**Source material**:
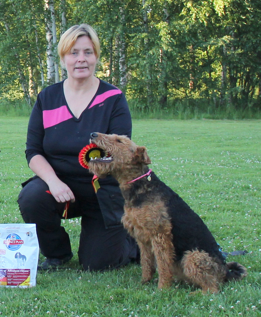oppdager at det er mengder av mygg. Skrekk og gru! Ingen reaksjon på det. Snur seg bittelitt idet jeg går bak henne – 9.5p. *Lineføring: Kjempegod kontakt! Hun følger fint på samme sted. En holdt blir hun stående og høyrevendingene er litt ruskete.. 8.0p. *Dekk fra holdt: Et lite pip ved neddekk mulig skjev ligg. 8.5p. *Innkalling: Sitter fokusert og kommer med flott fart! Litt hopping i innsitten og er innom hånd mi. 8.5p. *Stå under marsj: Stopper fint. Litt skjevt. Står stødig på tilbakeveien men snur litt på hodet i det jeg passerer. 8.5p. *Hinder: Svært fokusert. Kjapt og høyt hopp. Liten touch og litt hopp på inn – sitt. 9p. *Avstand: Flotte momenter. Helt rett. Mister 10’er her fordi hun går litt i jakt på neddekken og blir liggende 1 cm over bakken. Bittelitt treg oppsitt – igjen pga jakta. Klaskedekk ned igjen. 9.5p. *Helhet: Dommer sier at hun liker hunder med attitude, fart og litt frekkhet. Helt på nett gjennom hele programmet og elsker det vi gjør. 9p!!! Det aller mest gledelige! Totalt 177.5p, opprykk og 3plass. Det var tett i toppen, det skilte 3p til førsteplassen.
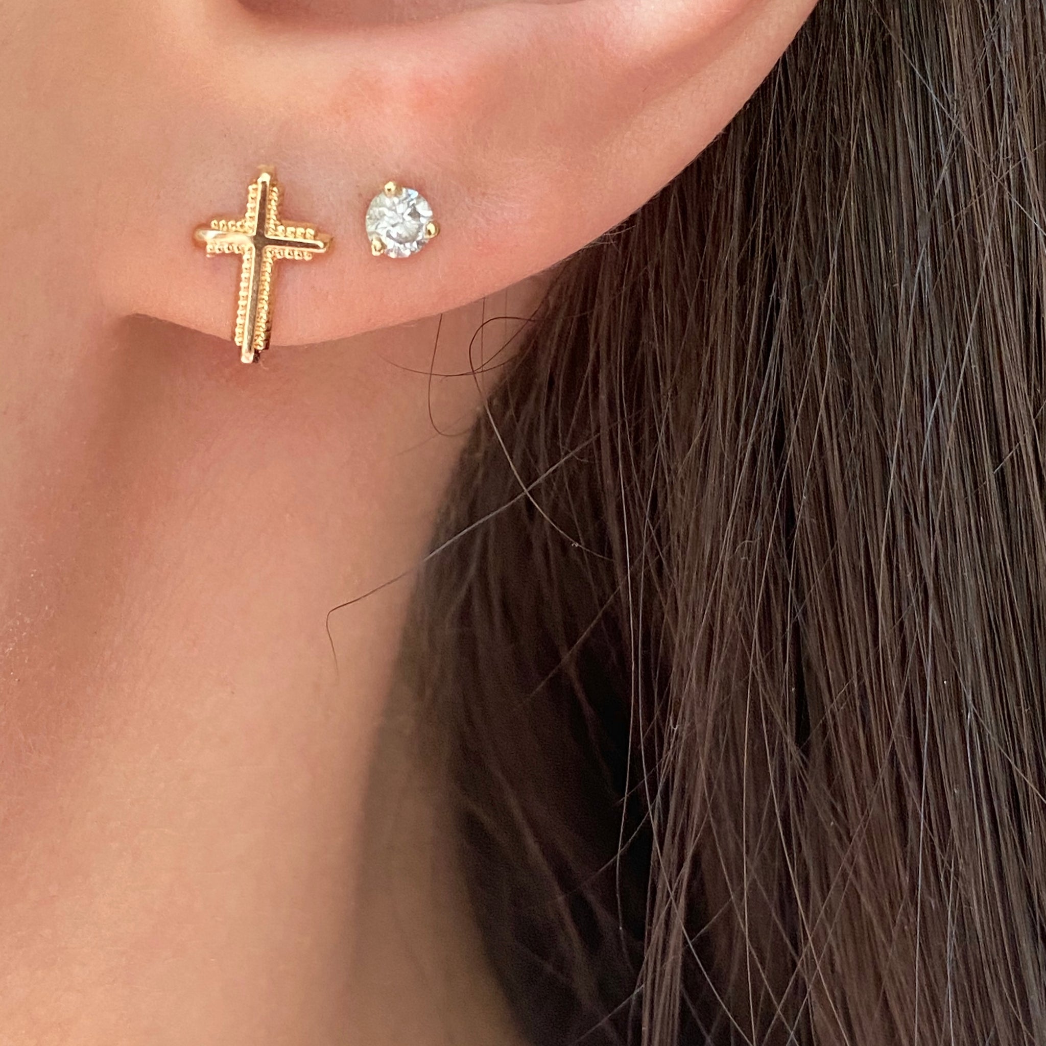 Polished 14KT yellow gold mini cross post stud earrings with bubbled, texture. Pretty, lightweight cross studs ideal for children or someone looking for a minimal stud.
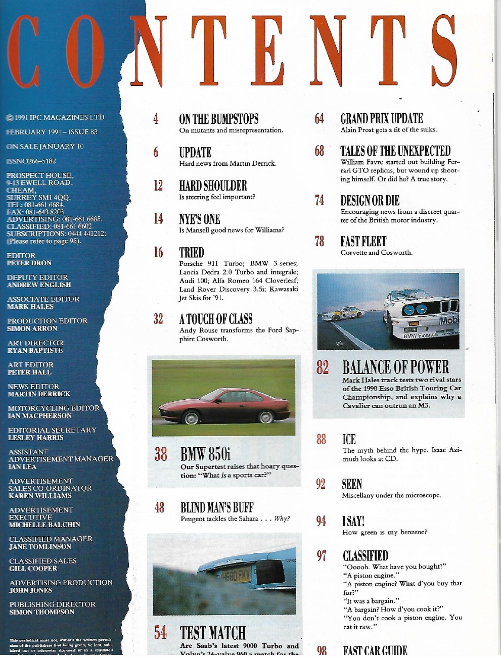 Reviews FAST LANE 1991 FEB - BMW 850i TESTED, PORSCHE 911 TURBO, BMW 3-SERIES, SAPHIRE

**Directions for this task**: Could you copy the lines above exactly and skip the images?

**Response box**:
oppdager at det er mengder av mygg. Skrekk og gru! Ingen reaksjon på det. Snur seg bittelitt idet jeg går bak henne – 9.5p. *Lineføring: Kjempegod kontakt! Hun følger fint på samme sted. En holdt blir hun stående og høyrevendingene er litt ruskete.. 8.0p. *Dekk fra holdt: Et lite pip ved neddekk mulig skjev ligg. 8.5p. *Innkalling: Sitter fokusert og kommer med flott fart! Litt hopping i innsitten og er innom hånd mi. 8.5p. *Stå under marsj: Stopper fint. Litt skjevt. Står stødig på tilbakeveien men snur litt på hodet i det jeg passerer. 8.5p. *Hinder: Svært fokusert. Kjapt og høyt hopp. Liten touch og litt hopp på inn – sitt. 9p. *Avstand: Flotte momenter. Helt rett. Mister 10’er her fordi hun går litt i jakt på neddekken og blir liggende 1 cm over bakken. Bittelitt treg oppsitt – igjen pga jakta. Klaskedekk ned igjen. 9.5p. *Helhet: Dommer sier at hun liker hunder med attitude, fart og litt frekkhet. Helt på nett gjennom hele programmet og elsker det vi gjør. 9p!!! Det aller mest gledelige! Totalt 177.5p, opprykk og 3plass. Det var tett i toppen, det skilte 3p til førsteplassen.
 Polished 14KT yellow gold mini cross post stud earrings with bubbled, texture. Pretty, lightweight cross studs ideal for children or someone looking for a minimal stud.
 Reviews FAST LANE 1991 FEB - BMW 850i TESTED, PORSCHE 911 TURBO, BMW 3-SERIES, SAPHIRE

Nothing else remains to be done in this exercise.